# New k10 essential master



## Tiny tamper (May 23, 2014)

Looks awesome.


----------



## marcuswar (Aug 19, 2013)

mmm...one thing I definitely didn't like is the mention of the propriety flow valve that means you can use any type of grind including shop bought pre-ground. Sounds similar to the Gaggia pressurised basket to me! Also there is no temperature maintenance, not even a thermometer in water tank lid. Sound like just a bigger less portable version of a handpresso to me ; http://www.handpresso.com/


----------



## marcuswar (Aug 19, 2013)

Oops sorry, ignore me, I'd watch the video about the K10 and then *forgot I'd clicked on another link* suggested by youtube ;


----------



## DavidBondy (Aug 17, 2010)

Oh well. I guess that devalues my K10 Fresh ... Unless the new one bombs and everyone decides that the Fresh is a better grinder!!


----------



## Tiny tamper (May 23, 2014)

If your thinking of upgrading David in the future let me know


----------



## Mrboots2u (May 10, 2013)

New then - Interface change , reverted to collar adjustment and a fan ?
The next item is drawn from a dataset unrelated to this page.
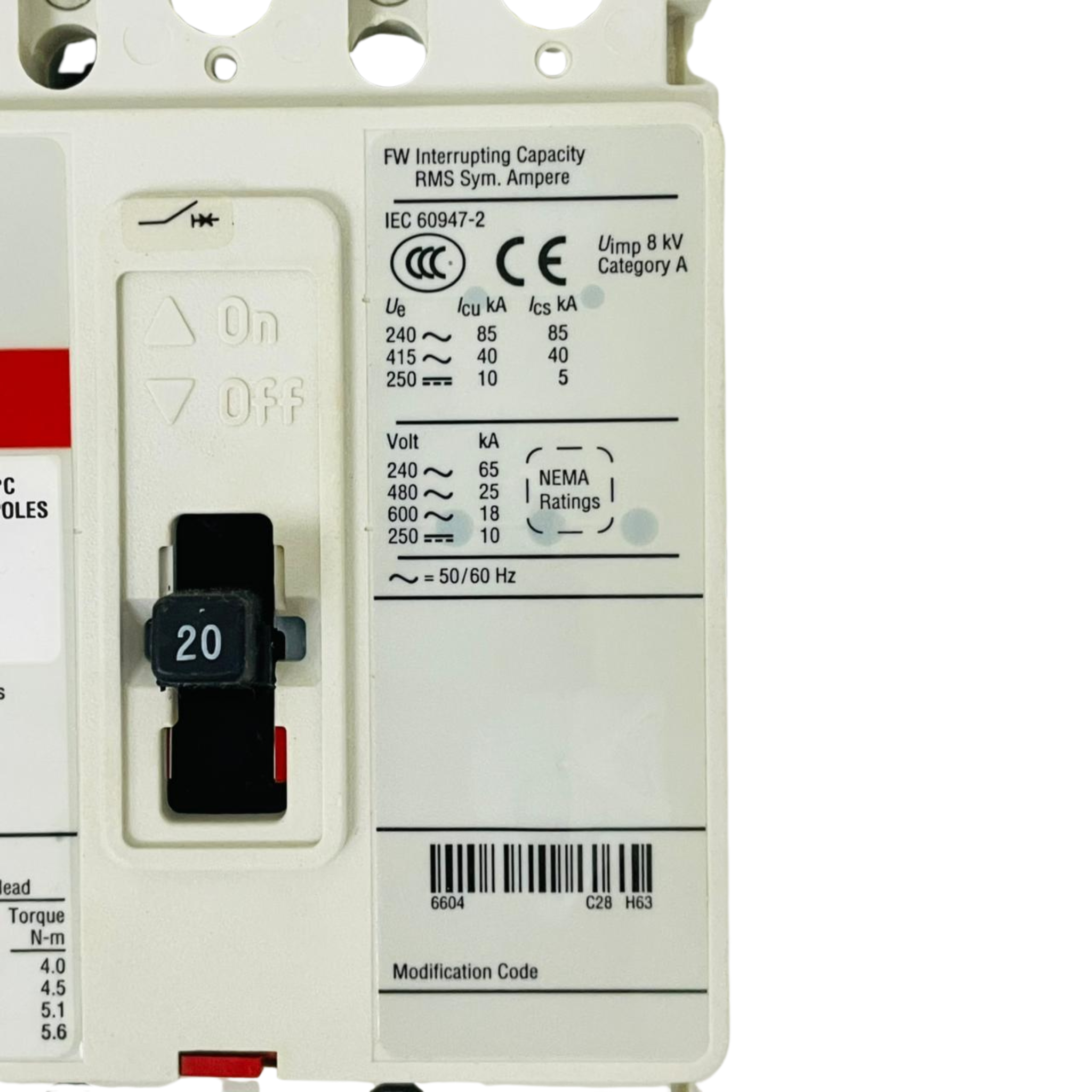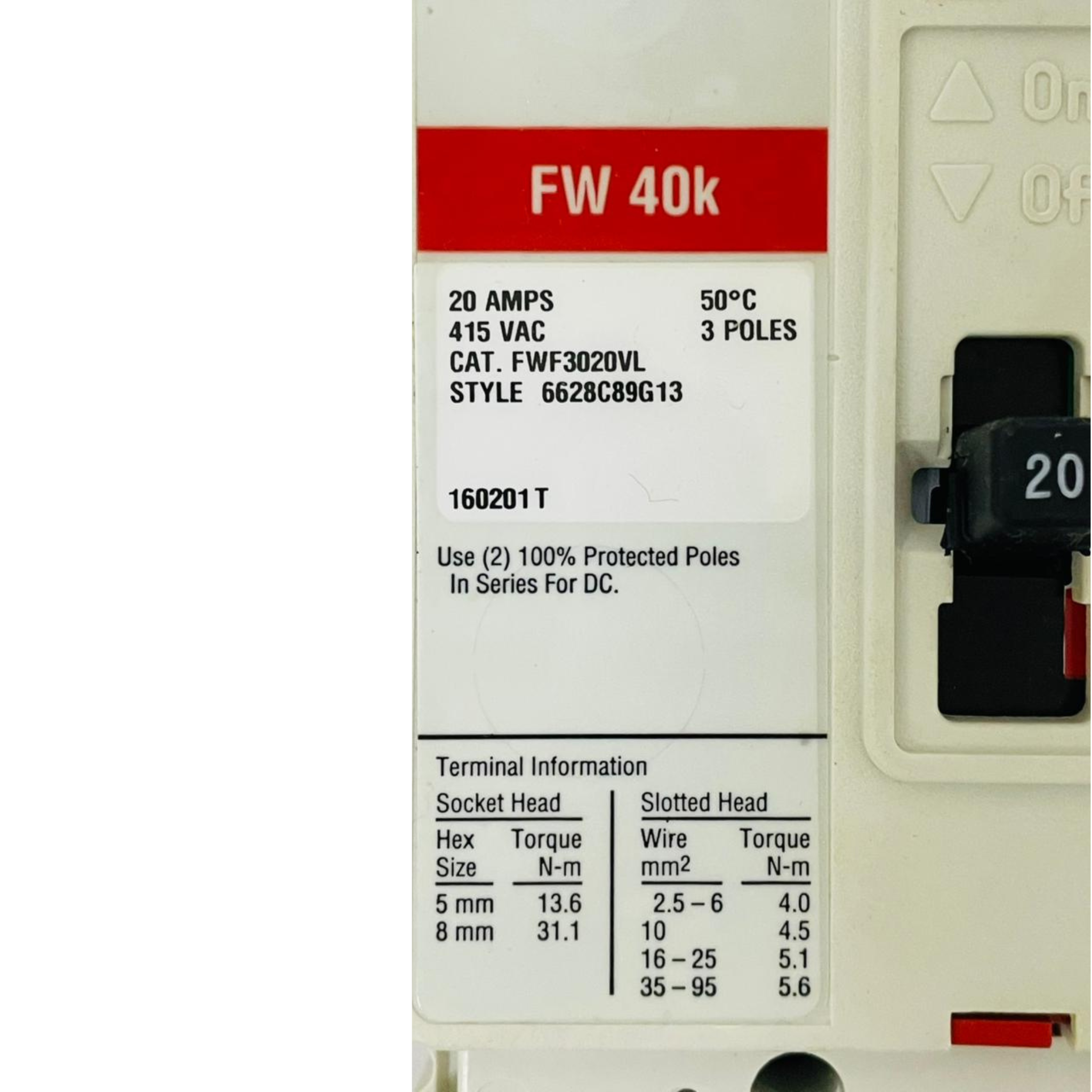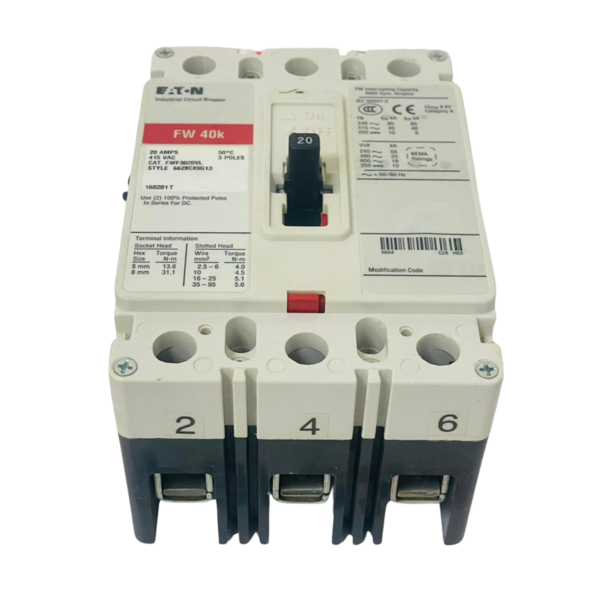 • EATON FW40K Circuit Breaker FWF3020VL 6628C89G13 20A (Used)

No mention of burr alignment changes anything that changes taste in cup or retention etc ?


----------



## Tiny tamper (May 23, 2014)

This link has a bit of info. http://www.compak.es/en/e10-conic-essential-od.php


----------



## Tiny tamper (May 23, 2014)

The entire new range spec list http://www.compak.es/en/e8-essential-od-4.php


----------



## 4085 (Nov 23, 2012)

As someone who has owned the current K10, it would not make me rush out ad buy one. It does not seem to actually do anything any differently, unless you call changing the grind setting method over and giving display buttons for buttons to press. these are a fine grinder but in my humble this is window dressing!


----------



## Tiny tamper (May 23, 2014)

Apparently it's going to be slightly cheaper as well so be interesting to see where it ends up in the market


----------



## MrShades (Jul 29, 2009)

The current K10 Fresh is still in the new lineup, at the same sort of price - now called the F10 On Demand.

The new Essential 10 - E10 On Demand does look cheaper, I guess as it has the regular collar grind adjustment rather than the rotating knob of the F10.

Prices here http://x-presscaffe.de/index.php/kaffeemuehlen-espressokaffeemuehlen/compak-espressomuehlen-kaffeemuehlen.html

I'll stick with my K10 Fresh thanks...


----------